The last picture is the shrine to unborn children that die during pregnancy. The statues go on and on. A nice touch on the money and flowers usually brought to shrines, this one is full of chocolate and sweets.
Of course, being a few minutes away, we couldn’t not take a peek at the Daibutsu:
I’ve been five times now, and each time the sky has been different. Towards the end of my stay in Japan, please remind me to put a picture of each visit together in one blog entry. It really does change the whole look and feel of the place.
The final stop was further along the railway to Enoshima Island. This was a rather fantastic journey as you are travelling along the coast, so at times all you can see is sea. There were a few schools that we passed on the way, and brilliantly timed with the school rush-hour, it was a bit of a squeeze. Still, nothing like authentic Japanese culture.

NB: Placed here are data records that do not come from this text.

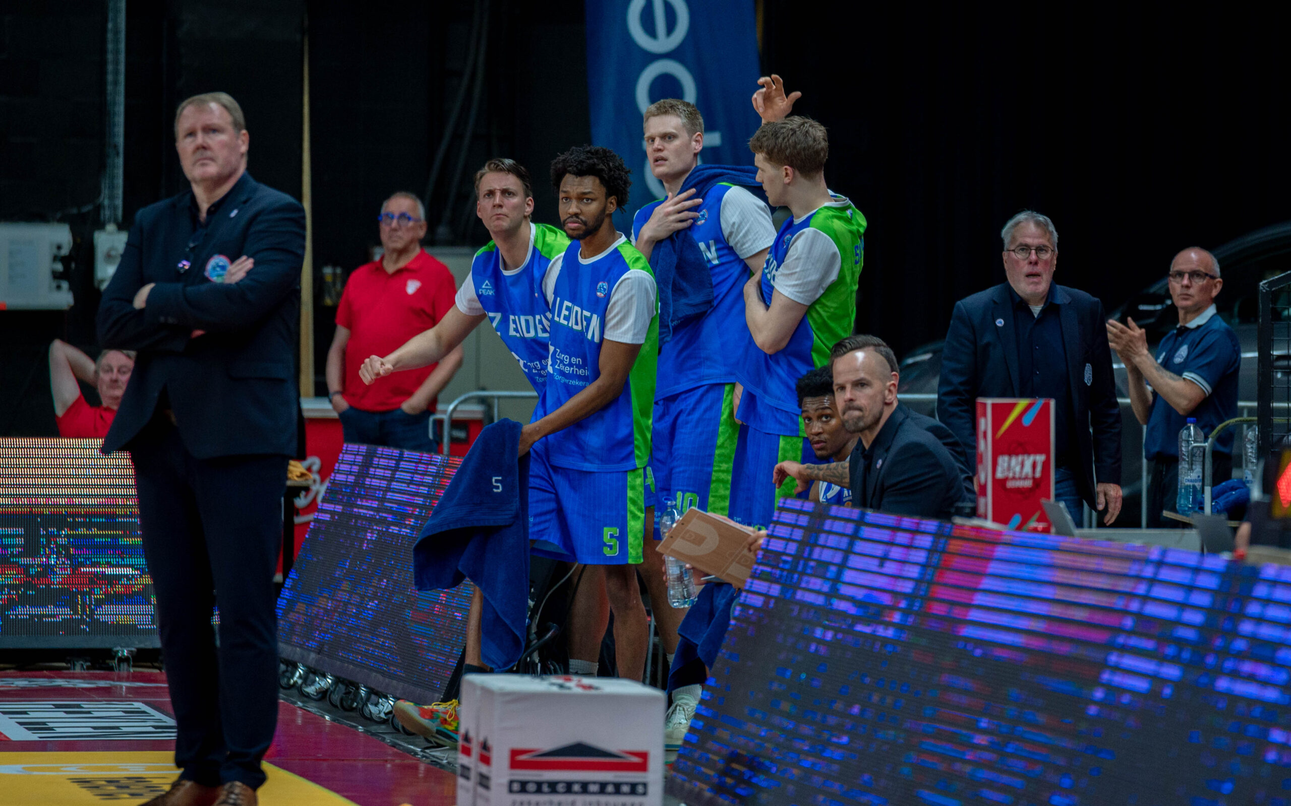 Na scores van Roeland Schaftenaar, Maconda, Jibbe Sicking en een nieuwe driepunter van Van den Elzen naderde ZZ Leiden in het tweede kwart tot op zes punten: 32-26. Een minuut later had de Leidse verdediging driepunters van Yoeri Schoepen en Enoch Ckeeks moeten incasseren, waardoor Doug Spradley halverwege het tweede kwart bij een 40-28 achterstand naar een time-out greep.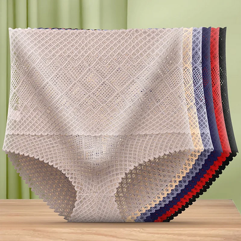 Женское нижнее белье большого размера, дышащие кружевные однотонные Трусики с высокой талией, женское нижнее белье, ромбовидная сеть, трусы.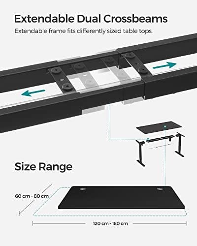 Justerbar tabellram: Den elektriska tabellramen är justerbar i längd mellan 115 och 147 cm, vilket möjliggör flexibel justering till en större bordsskiva (längd: 120 cm -180 cm, bredd: 60 – 80 cm)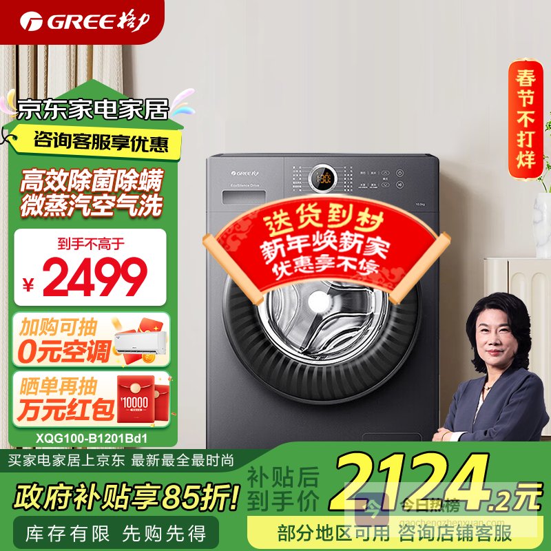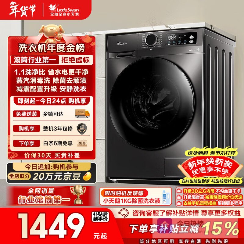 推荐理由:这款洗衣机拥有变频技术和大容量设计,能够高效深层清洗各种衣物,显著提升家庭洗衣体验,让日常清洁变得轻松便捷。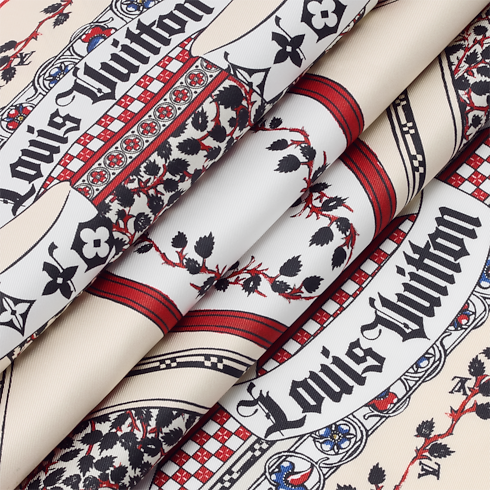 Created to accompany the Spring-Summer 2026 Cruise Collection, the LV Medieval Flowers square offers a subtle blend of contemporary appeal and historical inspirations. Printed on pure silk, its artistic design combines Monogram motifs with thorny flowers and thistles, symbols of both strength and femininity. A Louis Vuitton signature in medieval-style lettering adds an evocative House touch.
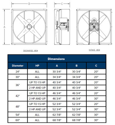 Specs for VI Cabinet Exhaust Fan 42 inch 16800 CFM 115/230 Volt Belt Drive VI4217-U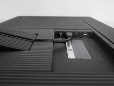 Wie bereits erwähnt hat Samsung den The Space Monitor auf das nötigste reduziert. Dies macht sich leider auch in den Anschlüssen bemerkbar. Neben einem HDMI-Anschluss (2.0) ist leider nur ein DisplayPort (1.2) vorhanden. Andere Monitore in dieser Preisklasse sind hier deutlich besser aufgestellt. Der auf der Rückseite vorhandene USB-Anschluss liefert lediglich Diagnosedaten, die Techniker im Falle eines Defekts auslesen können. Einen USB-Hub oder eine Lademöglichkeit für Tablets und Smartphones gibt es aufgrund des schmalen Rahmens nicht.

We arrived as the sun was setting, which meant for many photo opportunities:
To be perfectly honest, writing this up three months later meant that the sequence of events didn't flow perfectly in my mind. Still, I'm pretty sure I got everything down that I wanted to. Further reason for me to be so thankful that I kept this blog running. It's going to be a shame, when my time in Japan will be over, and I'll have little to write about.